Faaaancy way of dancing around the question.    Perhaps I should have made it simpler...

Go with this:  You get to choose one and one only.  Use any criteria and factors you wish but feel free to explain your choice as that is what really makes this fun.  The situation (since this is an RPG site) is that you get to play network head for a day and that one day you get to choose which show stays on for another year and which dies.  It's a tough choice  for sure but there wouldn't be any point if it was an easy call.  To me, this type of choice is a wonderful and horrible fantasy.  You want to keep both but that's not the situation.  And explaining why you won't choose doesn't apply.

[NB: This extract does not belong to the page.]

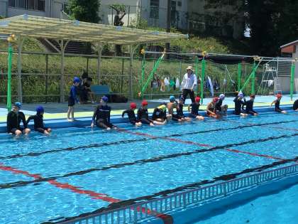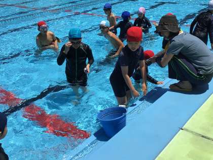 ちょっと寒かったですが みんなで水慣れをして石拾いをしました。

As for myself, I plan on making a reply with my reasons but I need to grab a few hours of sleep before work....


----------



## Lazybones (Sep 14, 2005)

Firefly, absolutely no contest. I would give up the entire television lineups of all of the six main networks for more Firefly. Of course, the only network shows I watch regularly are _The Simpsons_ and _Family Guy_ (and the former is starting to get tired), so such a statement is less meaningful coming from me.


----------



## ergeheilalt (Sep 14, 2005)

I'd choose Firefly, hands down. I enjoyed the show, the banter was witty, it's new, and (IMO) the most widely accessible for a network audience. You could tune in to any episode and be entertained. There was no huge arc and seeing episode 8 before episode 3 won't spoil episode 3 (ala BSG, which has a short review prior to each episode). Each episode of Firefly is enjoyable in and of itself.


----------



## Belen (Sep 14, 2005)

Firefly. There is no comparison.  It has better actors, better scripts, and a more coherent storyline.  It is also not as depressing.  I like BSG, but Firefly would win any contest I judged.


----------



## Truth Seeker (Sep 14, 2005)

BelenUmeria said:
			
		

> Firefly. There is no comparison.  It has better actors, better scripts, and a more coherent storyline.  It is also not as depressing.  I like BSG, but Firefly would win any contest I judged.

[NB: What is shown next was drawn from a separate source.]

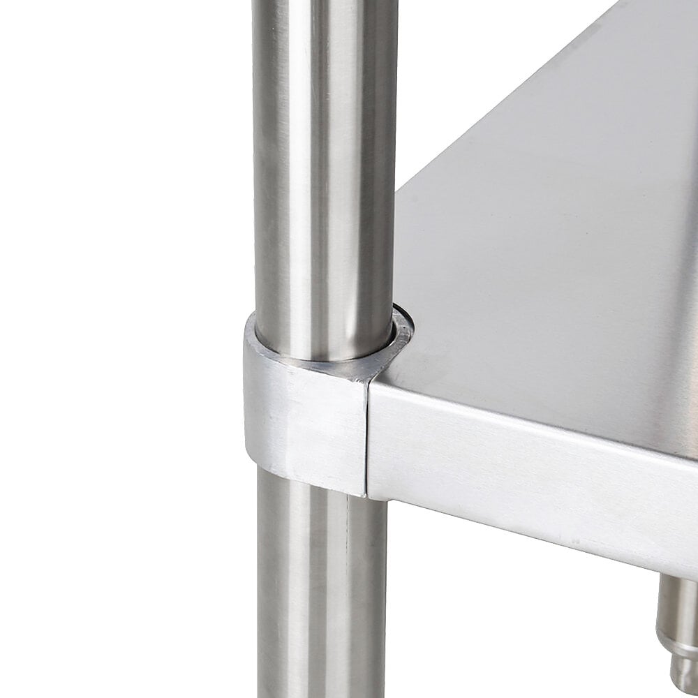 Featuring a backsplash and all-stainless steel construction, this work table is a great addition to your restaurant, cafe, or bakery. Perfect for mixing ingredients or chopping fruits and vegetables, you can make the most out of limited counter space by adding this versatile work table to your establishment!

Depressing?? I like Depressing...it brings out the best in people.


----------



## Flexor the Mighty! (Sep 14, 2005)

BSG easily.  While it's got some things in the story and writing that I don't like it's a lot better than Firefly IMO.  I don't really enjoy the uber-cool "snarky" dialogue that Wheadon's shows are all filled to the brim with.  And the shows of Firefly I saw were just not that interesting. YMMV.


----------



## Thornir Alekeg (Sep 14, 2005)

Using your "network head for a day" I would probably choose BSG because I think the storyline is a little neater in that they have a definite goal.  

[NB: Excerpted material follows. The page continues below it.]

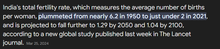 I think this projection is dumb. Hindu nationalism is experiencing a revival in India due to the threat posed by Muslims, it's highly likely that India's birth rate will start going up at some point.
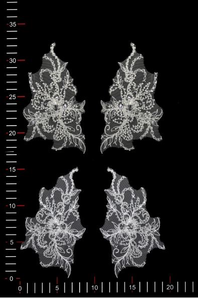 Aplikacja zdobiona, stworzona z eleganckiej koronki oraz niepowtarzalnych, rozświetlających naszywkę dodatków. Cały design produktu pozwala wykorzystać go jako wyjątkowy element dekoracyjny sukni wieczorowej, koktajlowej lub ślubnej.

Now, if I were the network head in a permanent way and wanted to pick a winner for a number of years, I would choose Firefly.  I think BSG has a limited run before the show starts to get stale - how long can you be on the run before the idea gets to be too tired (I hope I'm wrong, I do love the show).  Firefly on the other hand I think has pretty much unlimited potential.


----------



## Welverin (Sep 14, 2005)

Hmm, which has less stupidity? I don't really know, they seem about even, so I guess I'll with Firefly since the constant negativity of BG gets tiresome.


----------



## LightPhoenix (Sep 14, 2005)

Heh, that'd be a tough choice.  Personally, I'd keep one and sell the other to a competing network with a clause it can't air opposite my show.  I do love Firefly, but personally I'd have to choose BSG.  If I were a network exec, BSG is by far and away the safer show to keep.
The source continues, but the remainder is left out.